A while ago, GitHub added a new option for “watching” repositories, the setting that determines which events on a project trigger a notification for you.
Previously, the options were:
- Not Watching: be notified when participating or @mentioned.
- Watching: be notified of all conversations.
- Ignoring: never be notified.
The new addition is “Releases Only” — to be notified of new releases, and when participating or @mentioned. It is the perfect middle-ground between “not watching” and “watching”. For me, it is one of the best and most useful features on GitHub.
Why is it so useful? I rarely want to get notifications for all activity on a project, especially if I am only a user of the project, not a contributor to it. More importantly, many projects do not have a blog or mailing list that announces new releases — and for those that do, they often only announce major releases, not all releases.

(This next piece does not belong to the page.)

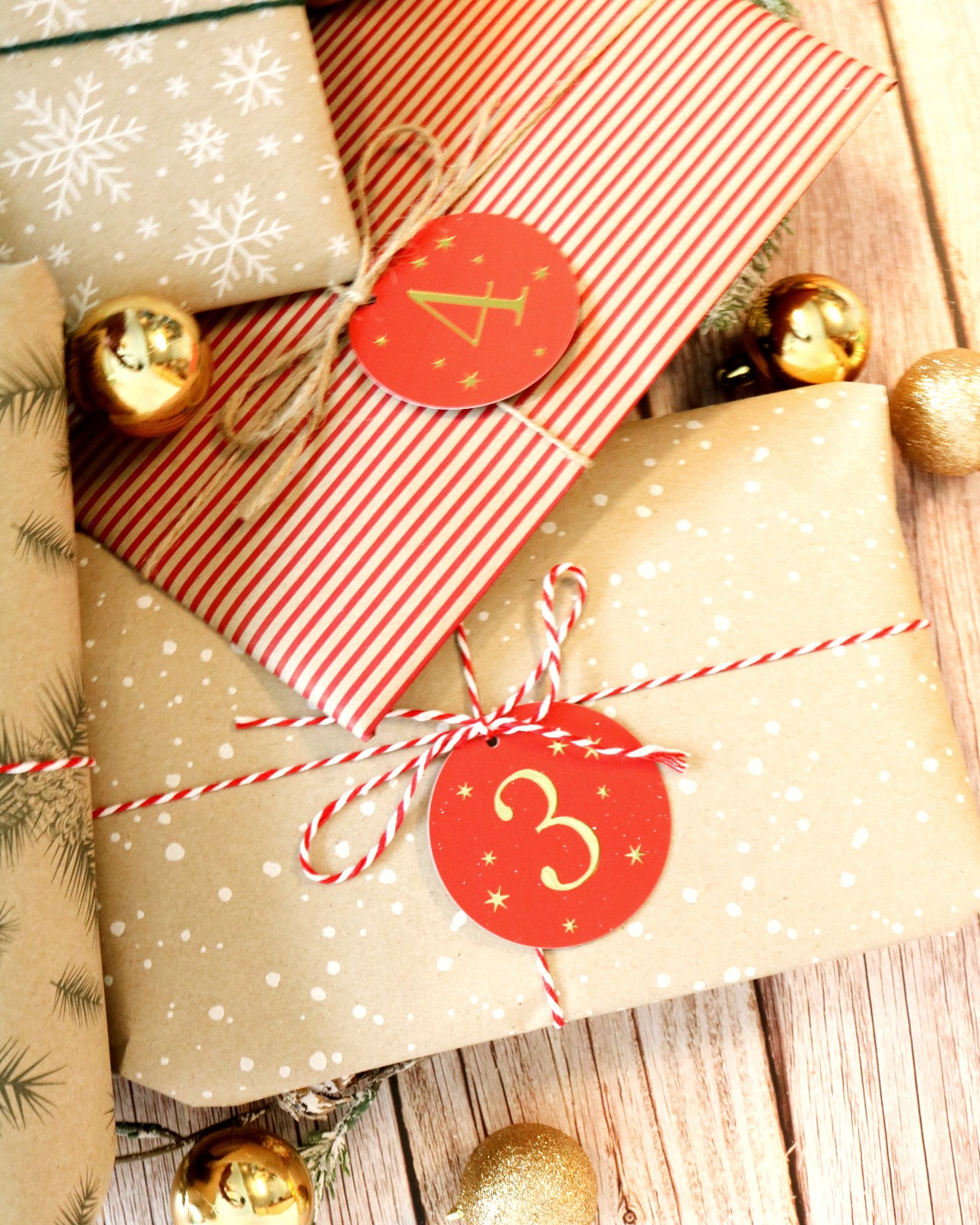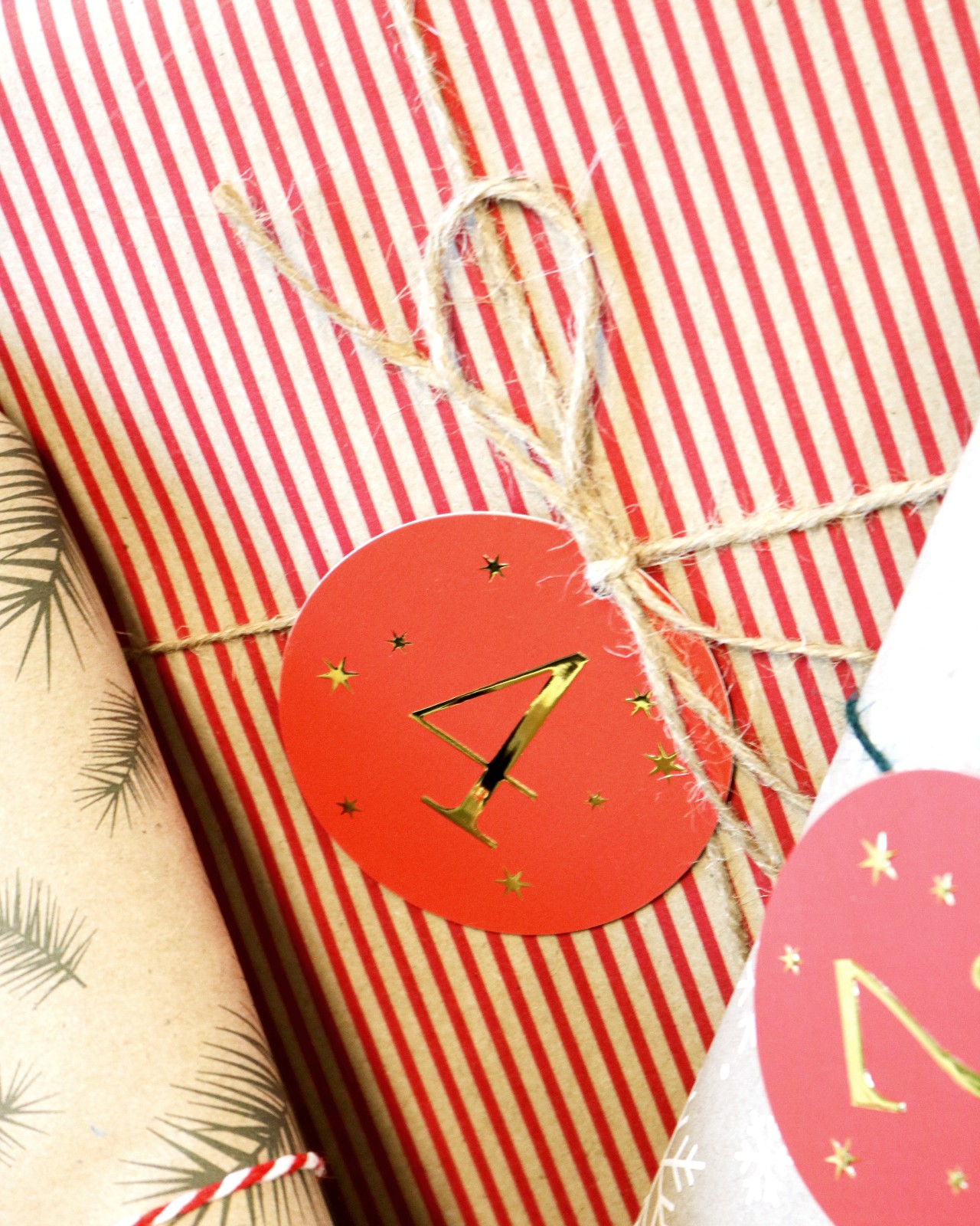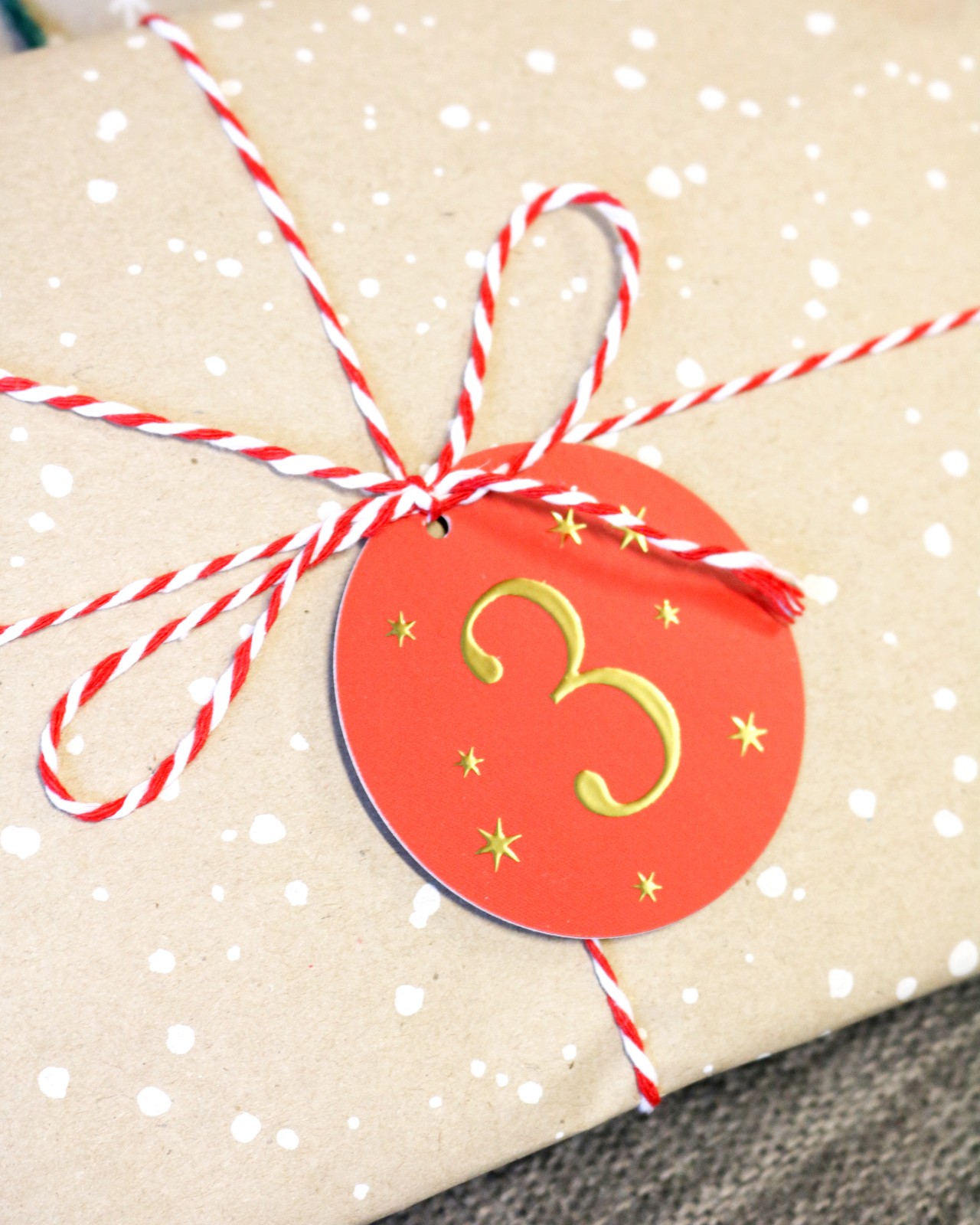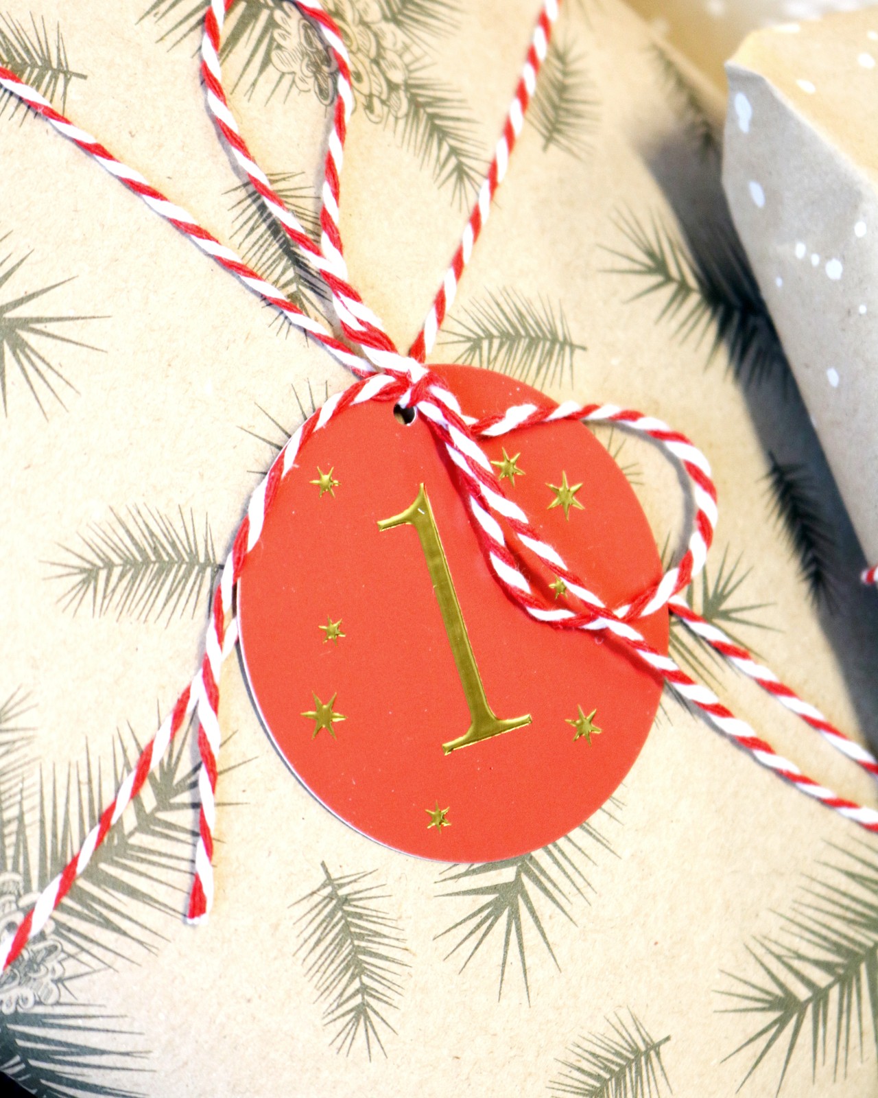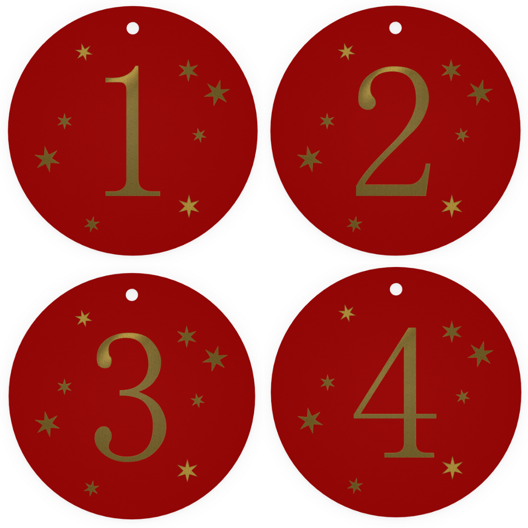 Pynt adventsgaverne med de fineste adventstal i blankt guldtryk på en mørkerødt gavemærke.

And even then, I often miss these announcements in my RSS reader (that is, if the blog even provides an RSS feed).
I would rather not clutter my RSS feed with project release announcements, anyway. GitHub is where I go to work, and that is where I want to be notified. There are many tools that I use that I want to keep updated, like SwiftLint, Jazzy, and CocoaPods. “Watching releases” for these projects and others has been great. Sometimes, I am waiting on a patch release for a project to fix a specific bug that I have encountered, or maybe I am waiting on CocoaPods to support the latest version of Xcode — now GitHub notifies me for every release.
Here’s a bonus: I also watch releases on actions/virtual-environments so that I get notified whenever the GitHub Actions environments change. That means as soon as a new Xcode version is deployed to GitHub Actions, I can update all of my workflows.